YOUR TASK:
Apart from the pictures, the listing is to be returned exactly.

Segment Open

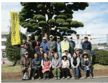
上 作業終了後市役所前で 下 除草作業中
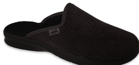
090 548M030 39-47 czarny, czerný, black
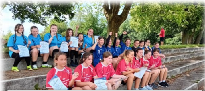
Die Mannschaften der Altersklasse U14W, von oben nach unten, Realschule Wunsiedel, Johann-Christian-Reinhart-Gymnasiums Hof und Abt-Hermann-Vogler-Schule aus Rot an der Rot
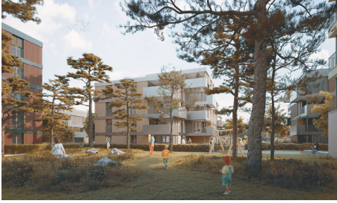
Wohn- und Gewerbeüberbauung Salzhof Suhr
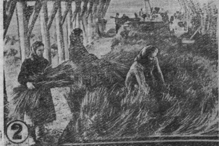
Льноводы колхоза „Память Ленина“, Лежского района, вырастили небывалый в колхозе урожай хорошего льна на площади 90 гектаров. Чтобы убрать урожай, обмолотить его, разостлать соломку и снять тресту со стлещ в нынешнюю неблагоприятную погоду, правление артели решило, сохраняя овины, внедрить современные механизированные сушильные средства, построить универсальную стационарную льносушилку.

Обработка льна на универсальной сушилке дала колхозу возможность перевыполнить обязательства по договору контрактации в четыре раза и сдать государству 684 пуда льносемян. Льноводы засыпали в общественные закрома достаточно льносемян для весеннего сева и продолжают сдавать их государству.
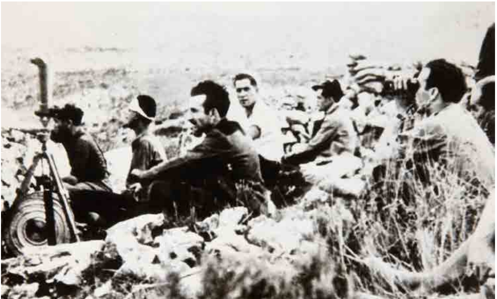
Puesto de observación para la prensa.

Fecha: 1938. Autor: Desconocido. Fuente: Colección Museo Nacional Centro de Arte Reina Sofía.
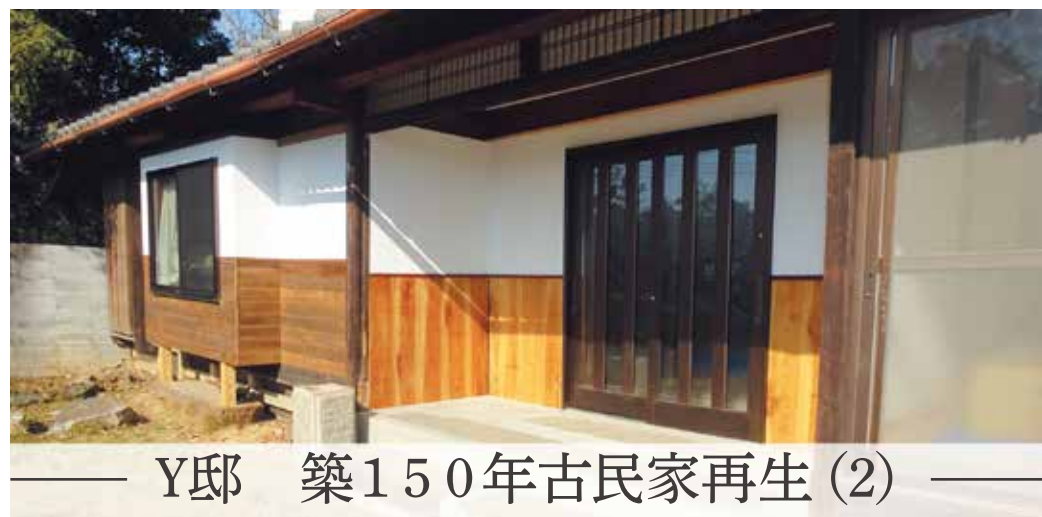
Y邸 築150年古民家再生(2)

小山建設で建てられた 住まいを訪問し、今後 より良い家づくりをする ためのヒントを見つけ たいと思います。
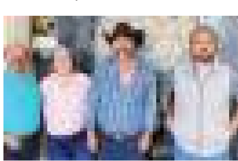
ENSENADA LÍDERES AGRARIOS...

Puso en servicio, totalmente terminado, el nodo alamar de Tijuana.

Segment Closed

EXERCISE SOLUTION:
上 作業終了後市役所前で 下 除草作業中
090 548M030 39-47 czarny, czerný, black
Die Mannschaften der Altersklasse U14W, von oben nach unten, Realschule Wunsiedel, Johann-Christian-Reinhart-Gymnasiums Hof und Abt-Hermann-Vogler-Schule aus Rot an der Rot
Wohn- und Gewerbeüberbauung Salzhof Suhr
Льноводы колхоза „Память Ленина“, Лежского района, вырастили небывалый в колхозе урожай хорошего льна на площади 90 гектаров. Чтобы убрать урожай, обмолотить его, разостлать соломку и снять тресту со стлещ в нынешнюю неблагоприятную погоду, правление артели решило, сохраняя овины, внедрить современные механизированные сушильные средства, построить универсальную стационарную льносушилку.

Обработка льна на универсальной сушилке дала колхозу возможность перевыполнить обязательства по договору контрактации в четыре раза и сдать государству 684 пуда льносемян. Льноводы засыпали в общественные закрома достаточно льносемян для весеннего сева и продолжают сдавать их государству.
Puesto de observación para la prensa.

Fecha: 1938. Autor: Desconocido. Fuente: Colección Museo Nacional Centro de Arte Reina Sofía.
Y邸 築150年古民家再生(2)

小山建設で建てられた 住まいを訪問し、今後 より良い家づくりをする ためのヒントを見つけ たいと思います。
ENSENADA LÍDERES AGRARIOS...

Puso en servicio, totalmente terminado, el nodo alamar de Tijuana.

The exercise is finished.